▶ _ABOUT THIS EXERCISE_
Once you reach the line with "Original era manufacture." in the material below, copy each line exactly up to and including the line with "The Scale Barcode", and skip the pictures.

▶ _LISTED ENTRIES_
-------

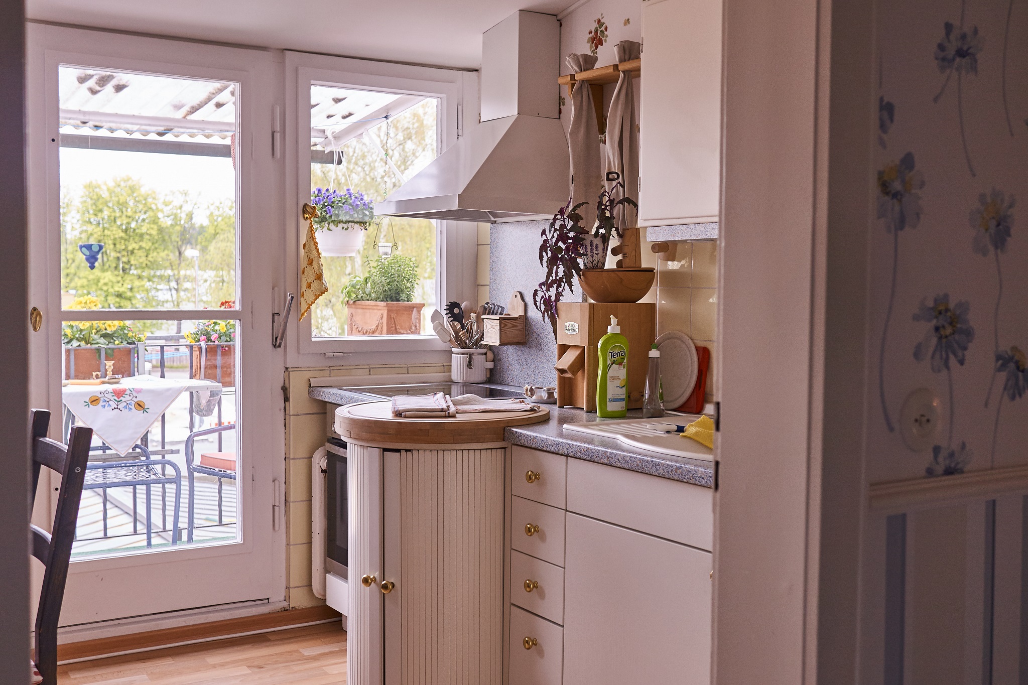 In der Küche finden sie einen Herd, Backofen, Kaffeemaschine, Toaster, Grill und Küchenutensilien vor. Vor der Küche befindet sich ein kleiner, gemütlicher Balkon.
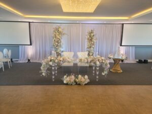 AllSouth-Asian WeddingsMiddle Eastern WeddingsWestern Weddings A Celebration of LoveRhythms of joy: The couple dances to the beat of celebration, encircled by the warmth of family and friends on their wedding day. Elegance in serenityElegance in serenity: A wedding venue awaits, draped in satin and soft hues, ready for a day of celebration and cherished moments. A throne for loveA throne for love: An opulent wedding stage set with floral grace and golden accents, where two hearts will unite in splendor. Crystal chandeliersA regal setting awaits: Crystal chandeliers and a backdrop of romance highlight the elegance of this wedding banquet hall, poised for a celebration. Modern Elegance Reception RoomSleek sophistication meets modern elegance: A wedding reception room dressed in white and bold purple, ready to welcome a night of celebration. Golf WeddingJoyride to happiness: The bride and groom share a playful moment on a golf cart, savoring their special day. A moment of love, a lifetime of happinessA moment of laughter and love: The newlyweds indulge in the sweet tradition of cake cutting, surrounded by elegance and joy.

-------

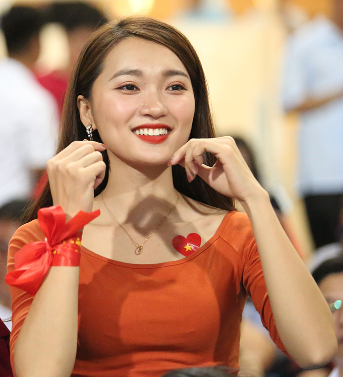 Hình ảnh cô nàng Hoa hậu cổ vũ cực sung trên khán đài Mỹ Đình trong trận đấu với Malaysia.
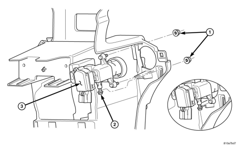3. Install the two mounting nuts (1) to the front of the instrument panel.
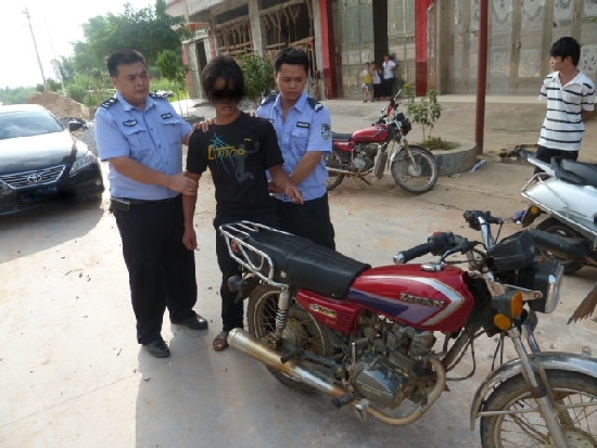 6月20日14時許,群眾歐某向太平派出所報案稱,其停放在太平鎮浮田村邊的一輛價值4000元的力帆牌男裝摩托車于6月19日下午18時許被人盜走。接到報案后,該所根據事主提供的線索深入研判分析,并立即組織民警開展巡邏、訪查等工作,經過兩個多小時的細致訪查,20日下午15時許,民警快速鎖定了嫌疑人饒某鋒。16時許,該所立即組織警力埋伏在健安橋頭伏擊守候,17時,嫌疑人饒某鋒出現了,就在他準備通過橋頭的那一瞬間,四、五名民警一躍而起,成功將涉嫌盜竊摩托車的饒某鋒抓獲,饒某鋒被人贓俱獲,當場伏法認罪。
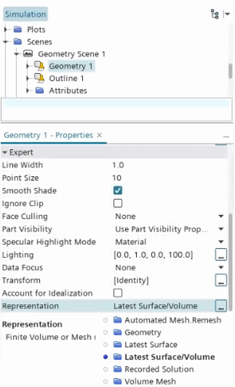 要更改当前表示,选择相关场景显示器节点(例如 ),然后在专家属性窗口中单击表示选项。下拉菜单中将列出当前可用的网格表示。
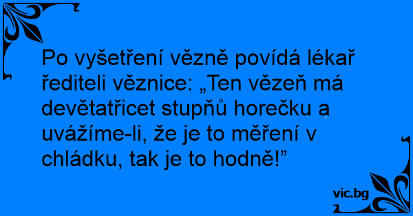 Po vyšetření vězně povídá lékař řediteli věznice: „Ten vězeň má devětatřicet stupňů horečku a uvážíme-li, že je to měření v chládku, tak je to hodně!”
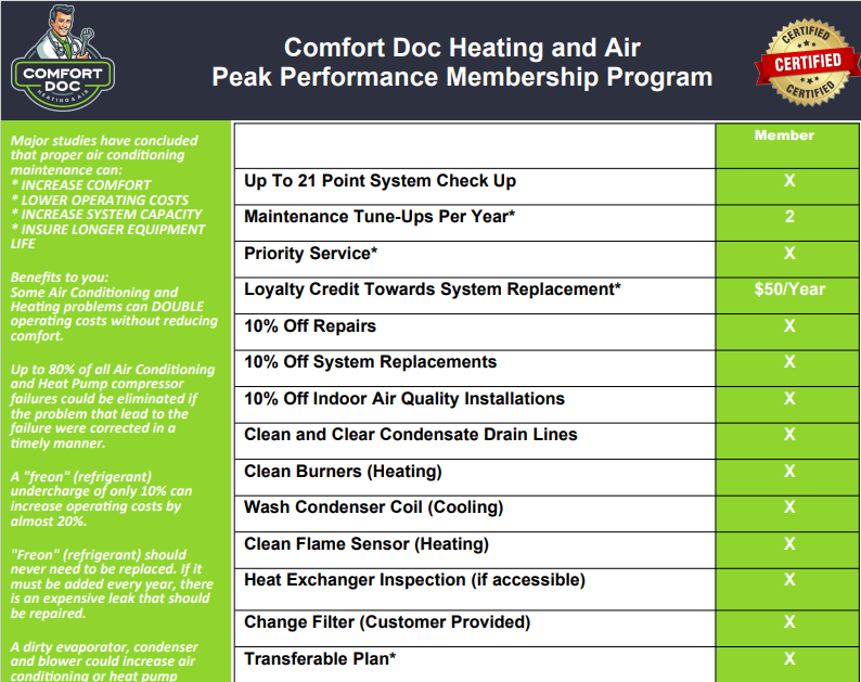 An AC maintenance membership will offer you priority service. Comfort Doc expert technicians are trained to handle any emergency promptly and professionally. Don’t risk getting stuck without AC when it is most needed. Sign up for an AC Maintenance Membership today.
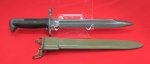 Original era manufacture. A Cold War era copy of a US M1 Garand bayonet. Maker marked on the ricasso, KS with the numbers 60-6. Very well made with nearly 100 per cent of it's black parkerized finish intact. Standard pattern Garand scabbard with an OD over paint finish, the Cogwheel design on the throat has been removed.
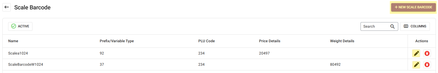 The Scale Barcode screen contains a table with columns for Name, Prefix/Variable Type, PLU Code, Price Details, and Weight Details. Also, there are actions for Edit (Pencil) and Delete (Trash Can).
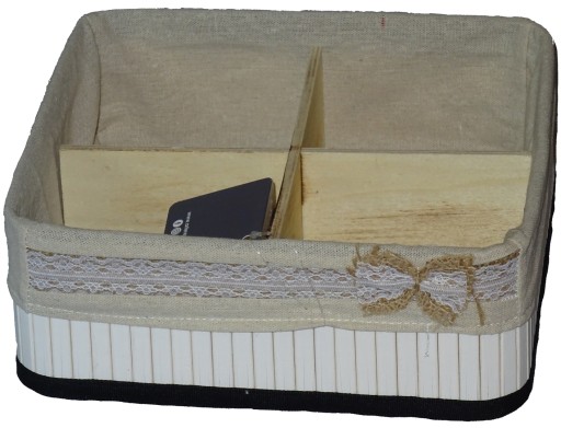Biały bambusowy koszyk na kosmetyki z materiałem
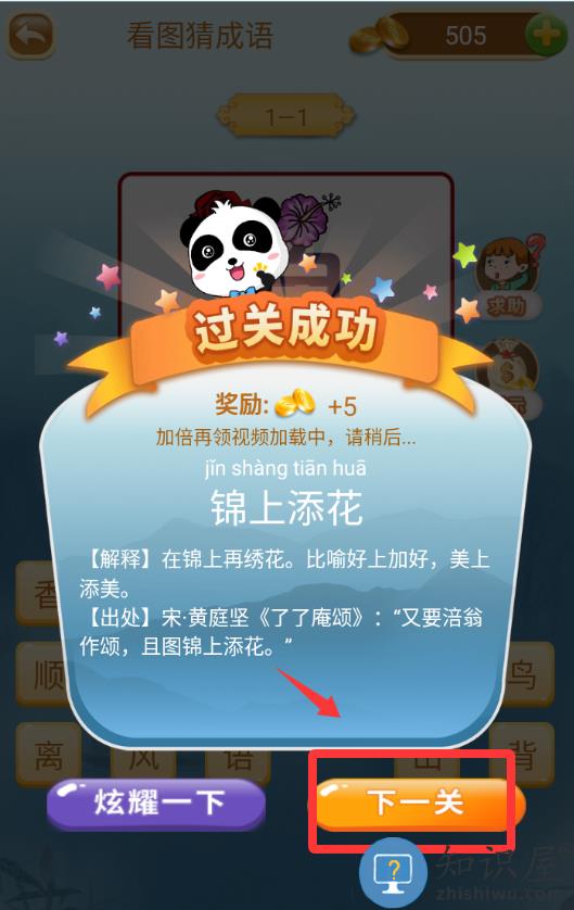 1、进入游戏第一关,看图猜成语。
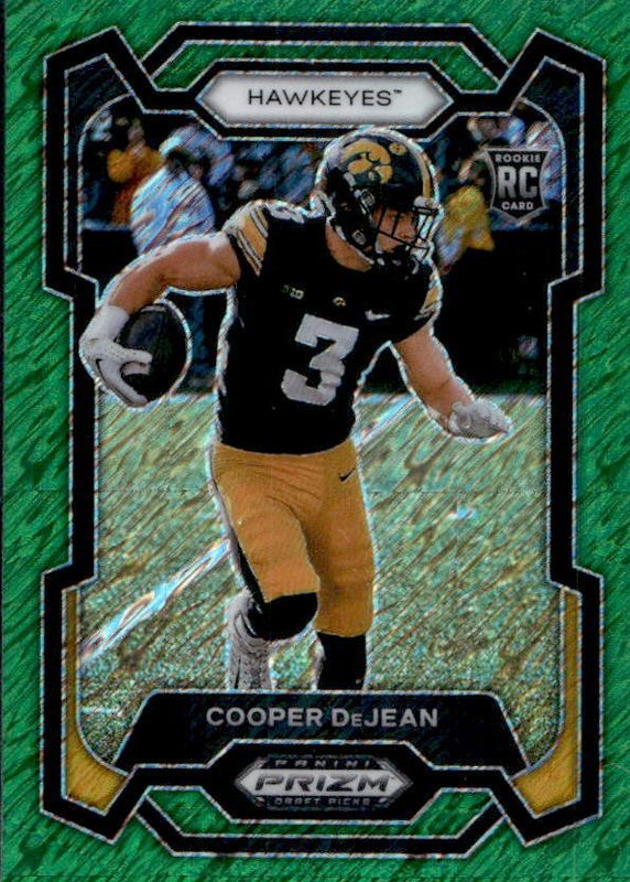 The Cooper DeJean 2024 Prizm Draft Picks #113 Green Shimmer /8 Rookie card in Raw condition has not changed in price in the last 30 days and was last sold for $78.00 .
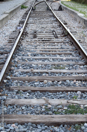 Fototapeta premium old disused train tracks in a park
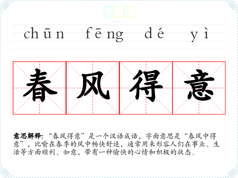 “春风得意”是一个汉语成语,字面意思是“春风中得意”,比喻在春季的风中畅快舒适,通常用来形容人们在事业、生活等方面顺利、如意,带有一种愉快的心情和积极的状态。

-------

▶ _RESULT BELOW_
 Original era manufacture. A Cold War era copy of a US M1 Garand bayonet. Maker marked on the ricasso, KS with the numbers 60-6. Very well made with nearly 100 per cent of it's black parkerized finish intact. Standard pattern Garand scabbard with an OD over paint finish, the Cogwheel design on the throat has been removed.
 The Scale Barcode screen contains a table with columns for Name, Prefix/Variable Type, PLU Code, Price Details, and Weight Details. Also, there are actions for Edit (Pencil) and Delete (Trash Can).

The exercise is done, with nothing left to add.